The respondent was admitted to the bar in July, 1898, by the Appellate Division of the Fourth Department and was practicing in the First Department at the time of the acts complained of. The petition charges the respondent with misconduct as an attorney at law and the learned official referee, to whom the matter was referred, in his report finds the respondent guilty as charged.' The facts are as follows: The respondent acted as an attorney for one of the defendants in an action entitled Oestreicher v. Frankel, in the Supreme Court, New York county. It was tried in May, 1921, and judgment was rendered against the respondent’s client who thereafter appealed to the Appellate Division. In August, 1921, the respondent requested the official stenographer who had taken the minutes at the trial to transcribe the same and furnish him with a copy thereof. In September, 1921, the respondent made an agreement with Mark Eisner, who appeared as counsel for plaintiff in said action, whereby Mr. Eisner agreed to pay one-half of the expenses of transcribing the minutes, it being understood that he was to have the use of a copy from the stenographer for use on appeal. On September 8, 1921, Mr. Eisner sent the respondent a check for the sum of $66.95 with a letter in which he stated: “ I am also enclosing check for $66.95 being one-half the stenographer’s bill for the minutes of the trial.”
Respondent acknowledged the receipt of letter and check in *25which he said: “ I received your check for $66.65 being one-half of the stenographer’s bill of the minutes of the appeal of Oestreicher v. Frankel et al. for which I thank you.”
The charge is that the respondent instead of sending the amount of said check to the stenographer concealed its receipt and converted the sanie to his own use. The stenographer testified that he asked the respondent for the payment of his bill before delivering the minutes and the respondent said he would try to get the money for him; that he had several conversations with him up to November 10, 1921, in reference to payment of the bill and on that day respondent assured him positively that he would be paid by November eighteenth; that he delivered the minutes on November tenth; that the respondent did not at any time before November tenth say anything to him about having received any part of the money from anybody; that he did not receive payment on November eighteenth, and that he saw the respondent several times and wrote him several letters. He further testified that on January 24, 1922, the respondent told him that he had received this one-half share of the amount due for the minutes from Mr. Eisner, and that after waiting until March fifteenth for payment, he notified the Bar Association of these facts on that date. The respondent admits the receipt of the letter and check above referred to and that he used the money for his own purposes. He contends that he had a right to do so, and that he had done nothing reprehensible in the matter. It is conceded that after the proceedings before the Grievance Committee of the Bar Association were commenced, the respondent paid the amount of the stenographer’s bill in full.

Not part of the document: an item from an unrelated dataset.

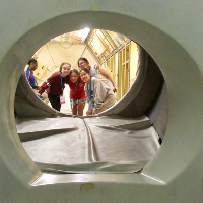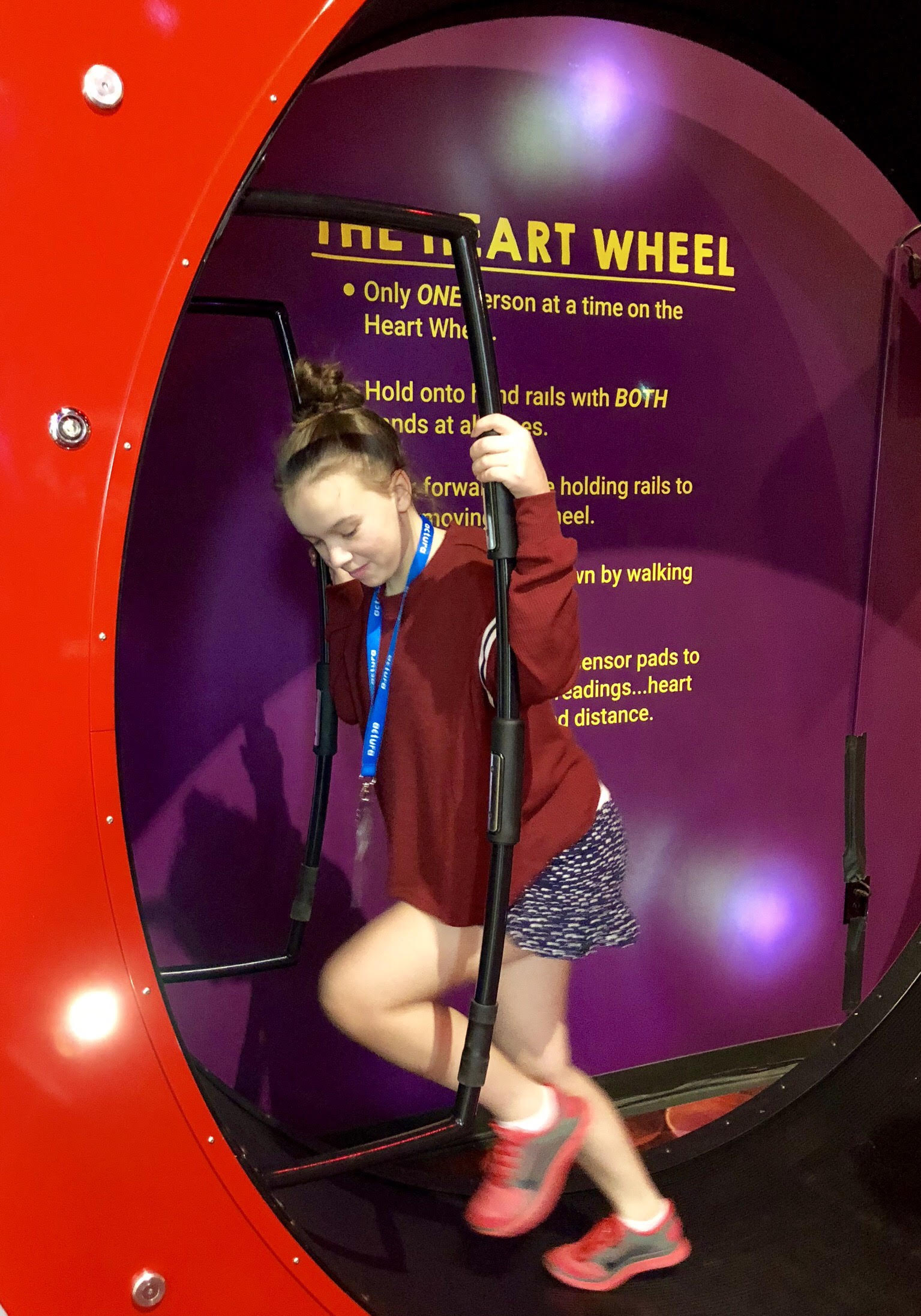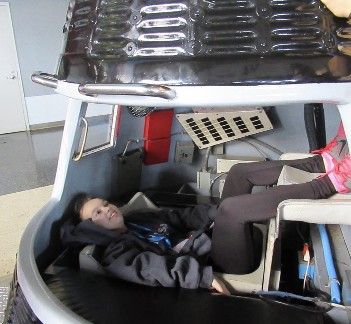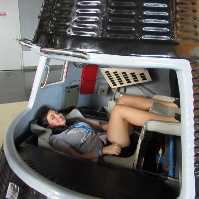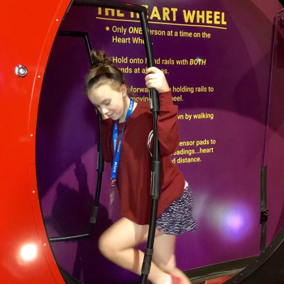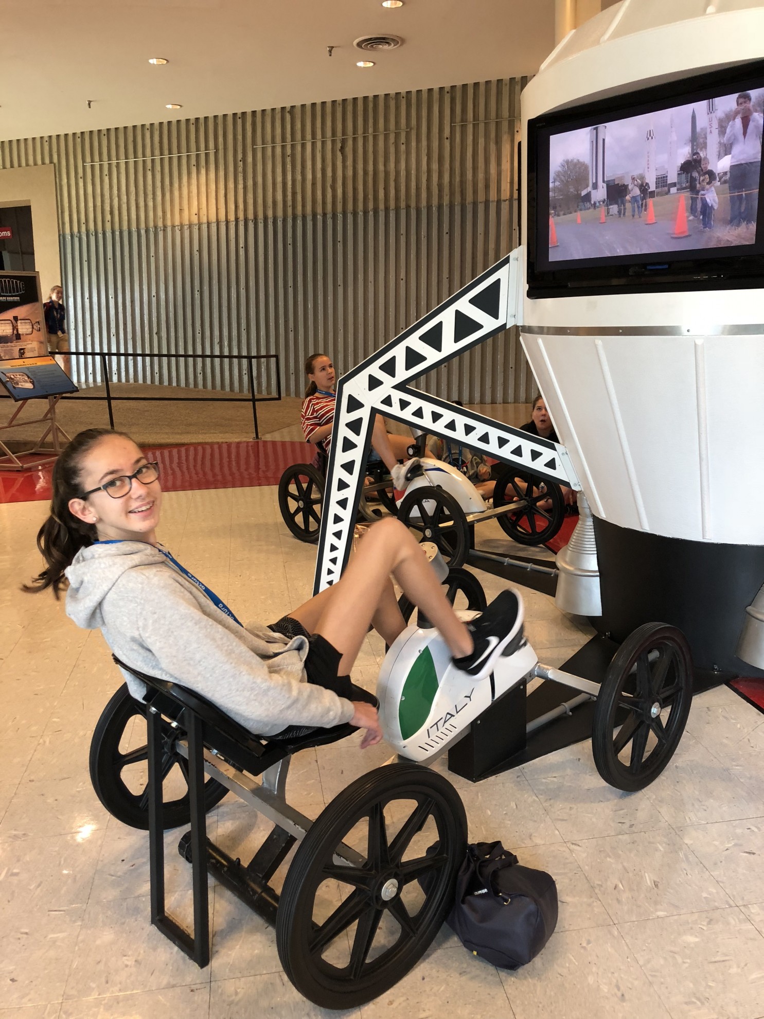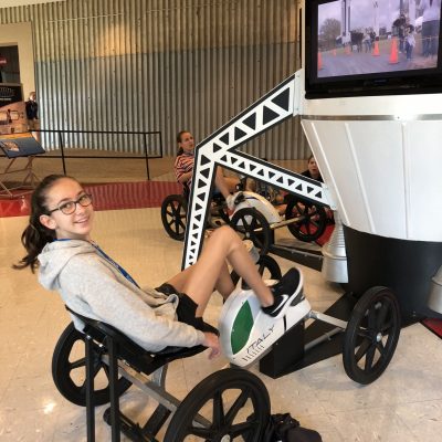 The second simulator was the all-fearing MAT– the Multi-axis Trainer. This simulator consists of rotating metal rings to train astronauts in case a space capsule spins out of control. There were many brave students who were up for the challenge!

This court has many times held that disciplinary proceedings are not instituted for collection purposes, and that the payment of moneys claimed to have been improperly withheld, diverted or converted after the institution of proceedings does not constitute a defense or condonation. The respondent’s contention is that although this money was given to him for a specific purpose, namely, to pay one-half of the stenographer’s fees for the transcribing and furnishing of the minutes, he was perfectly justified in withholding it from the stenographer and applying it to his own uses. We cannot agree with this contention. Moneys received by an attorney as an attorney for a specific purpose may not be appropriated to satisfy the personal pecuniary needs of the attorney with the approval of this court. While the amount involved is small the act was none the less reprehensible. The finding of the learned official referee is approved and the respondent should be suspended from practice for three months, with leave to apply *26for reinstatement at the expiration of that term upon proof of his compliance with the conditions to be incorporated in the order to be entered hereon.
Dowling, Smith, Merrell and McAvoy, JJ., concur.
Respondent suspended for three months. Settle order on notice.